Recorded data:
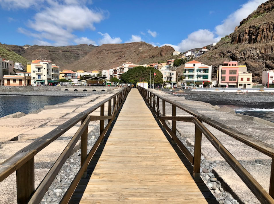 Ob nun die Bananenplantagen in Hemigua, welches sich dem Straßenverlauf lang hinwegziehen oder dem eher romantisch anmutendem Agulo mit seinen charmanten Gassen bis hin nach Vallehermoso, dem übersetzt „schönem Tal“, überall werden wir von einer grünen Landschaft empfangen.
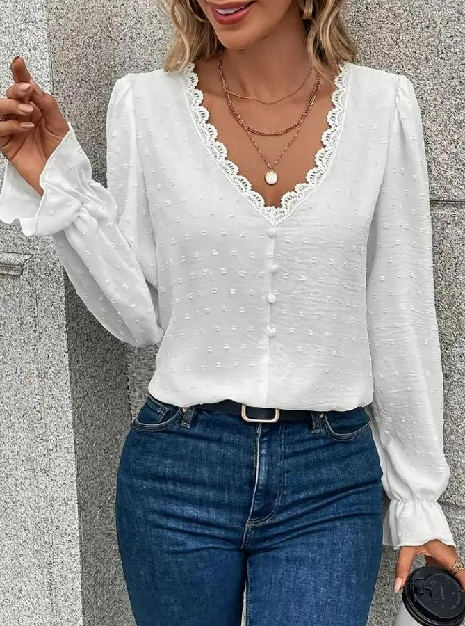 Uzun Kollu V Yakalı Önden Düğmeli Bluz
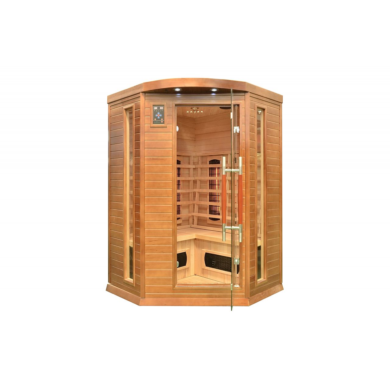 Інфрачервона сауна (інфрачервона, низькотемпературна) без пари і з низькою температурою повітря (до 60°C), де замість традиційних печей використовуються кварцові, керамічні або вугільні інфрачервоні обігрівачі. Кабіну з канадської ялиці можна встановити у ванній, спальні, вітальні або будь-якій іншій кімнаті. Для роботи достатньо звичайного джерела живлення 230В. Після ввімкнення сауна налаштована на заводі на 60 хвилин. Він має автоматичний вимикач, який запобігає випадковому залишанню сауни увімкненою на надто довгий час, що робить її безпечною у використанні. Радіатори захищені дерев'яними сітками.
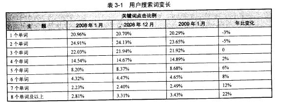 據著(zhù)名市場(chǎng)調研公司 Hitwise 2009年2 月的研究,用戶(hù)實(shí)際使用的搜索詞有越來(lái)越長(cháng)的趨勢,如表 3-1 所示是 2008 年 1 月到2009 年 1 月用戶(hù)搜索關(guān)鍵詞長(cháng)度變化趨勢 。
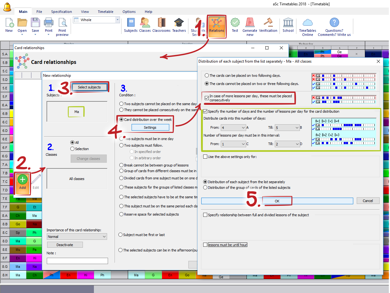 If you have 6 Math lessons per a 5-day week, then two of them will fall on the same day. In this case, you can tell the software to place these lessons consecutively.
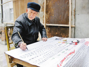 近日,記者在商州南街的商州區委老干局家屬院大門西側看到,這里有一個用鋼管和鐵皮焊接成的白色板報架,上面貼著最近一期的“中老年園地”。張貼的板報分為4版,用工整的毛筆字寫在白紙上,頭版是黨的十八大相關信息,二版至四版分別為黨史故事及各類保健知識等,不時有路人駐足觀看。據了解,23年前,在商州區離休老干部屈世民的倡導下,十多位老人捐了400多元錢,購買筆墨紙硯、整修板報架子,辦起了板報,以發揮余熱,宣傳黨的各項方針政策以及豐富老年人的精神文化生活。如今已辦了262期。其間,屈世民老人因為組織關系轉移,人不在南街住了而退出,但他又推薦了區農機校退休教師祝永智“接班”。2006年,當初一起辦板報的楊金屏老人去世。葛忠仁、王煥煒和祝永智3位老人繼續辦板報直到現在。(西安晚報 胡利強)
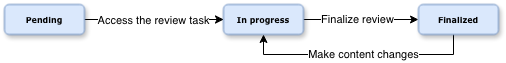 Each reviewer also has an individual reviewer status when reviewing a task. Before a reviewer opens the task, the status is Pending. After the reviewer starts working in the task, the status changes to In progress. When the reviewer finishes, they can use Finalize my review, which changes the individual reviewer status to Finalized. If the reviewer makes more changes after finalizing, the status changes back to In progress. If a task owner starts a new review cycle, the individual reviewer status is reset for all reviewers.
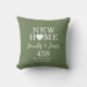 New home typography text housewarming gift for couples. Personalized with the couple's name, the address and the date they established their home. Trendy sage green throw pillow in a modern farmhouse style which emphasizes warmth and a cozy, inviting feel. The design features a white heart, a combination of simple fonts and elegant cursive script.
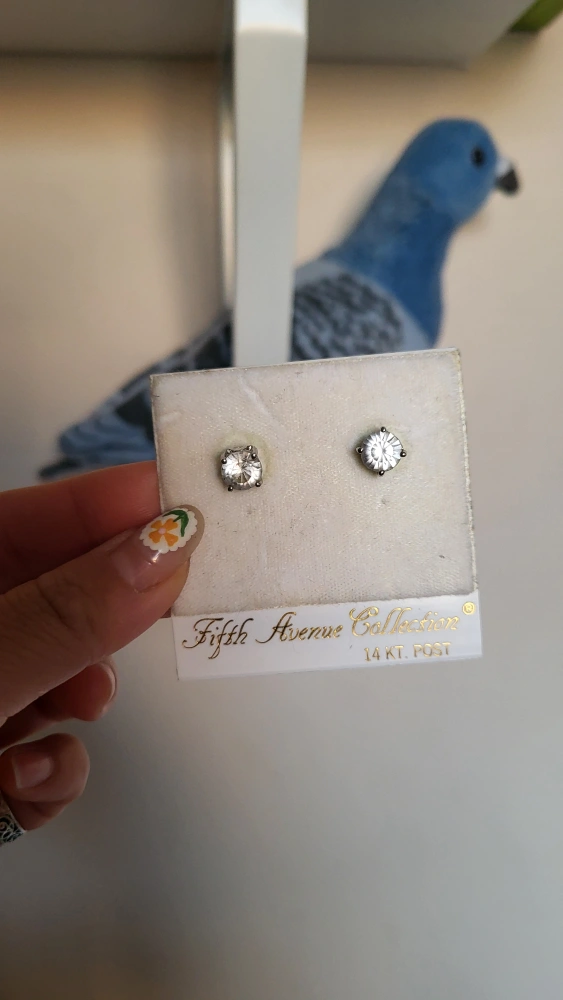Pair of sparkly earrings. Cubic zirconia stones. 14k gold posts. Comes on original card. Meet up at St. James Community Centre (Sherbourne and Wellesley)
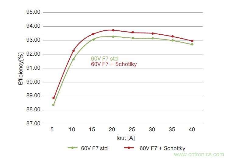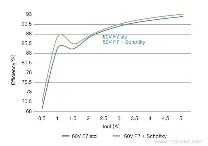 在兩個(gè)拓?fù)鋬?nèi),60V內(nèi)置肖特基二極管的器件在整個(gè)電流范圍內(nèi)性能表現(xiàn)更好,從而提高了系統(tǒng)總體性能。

● **Task requirements**: Every line from the top of the records above to the line with "近日,記者在商州南街的商州區", inclusive, should be duplicated exactly, minus the pictures.

● **Task output**:
 Ob nun die Bananenplantagen in Hemigua, welches sich dem Straßenverlauf lang hinwegziehen oder dem eher romantisch anmutendem Agulo mit seinen charmanten Gassen bis hin nach Vallehermoso, dem übersetzt „schönem Tal“, überall werden wir von einer grünen Landschaft empfangen.
 Uzun Kollu V Yakalı Önden Düğmeli Bluz
 Інфрачервона сауна (інфрачервона, низькотемпературна) без пари і з низькою температурою повітря (до 60°C), де замість традиційних печей використовуються кварцові, керамічні або вугільні інфрачервоні обігрівачі. Кабіну з канадської ялиці можна встановити у ванній, спальні, вітальні або будь-якій іншій кімнаті. Для роботи достатньо звичайного джерела живлення 230В. Після ввімкнення сауна налаштована на заводі на 60 хвилин. Він має автоматичний вимикач, який запобігає випадковому залишанню сауни увімкненою на надто довгий час, що робить її безпечною у використанні. Радіатори захищені дерев'яними сітками.
 據著(zhù)名市場(chǎng)調研公司 Hitwise 2009年2 月的研究,用戶(hù)實(shí)際使用的搜索詞有越來(lái)越長(cháng)的趨勢,如表 3-1 所示是 2008 年 1 月到2009 年 1 月用戶(hù)搜索關(guān)鍵詞長(cháng)度變化趨勢 。
 If you have 6 Math lessons per a 5-day week, then two of them will fall on the same day. In this case, you can tell the software to place these lessons consecutively.
 近日,記者在商州南街的商州區委老干局家屬院大門西側看到,這里有一個用鋼管和鐵皮焊接成的白色板報架,上面貼著最近一期的“中老年園地”。張貼的板報分為4版,用工整的毛筆字寫在白紙上,頭版是黨的十八大相關信息,二版至四版分別為黨史故事及各類保健知識等,不時有路人駐足觀看。據了解,23年前,在商州區離休老干部屈世民的倡導下,十多位老人捐了400多元錢,購買筆墨紙硯、整修板報架子,辦起了板報,以發揮余熱,宣傳黨的各項方針政策以及豐富老年人的精神文化生活。如今已辦了262期。其間,屈世民老人因為組織關系轉移,人不在南街住了而退出,但他又推薦了區農機校退休教師祝永智“接班”。2006年,當初一起辦板報的楊金屏老人去世。葛忠仁、王煥煒和祝永智3位老人繼續辦板報直到現在。(西安晚報 胡利強)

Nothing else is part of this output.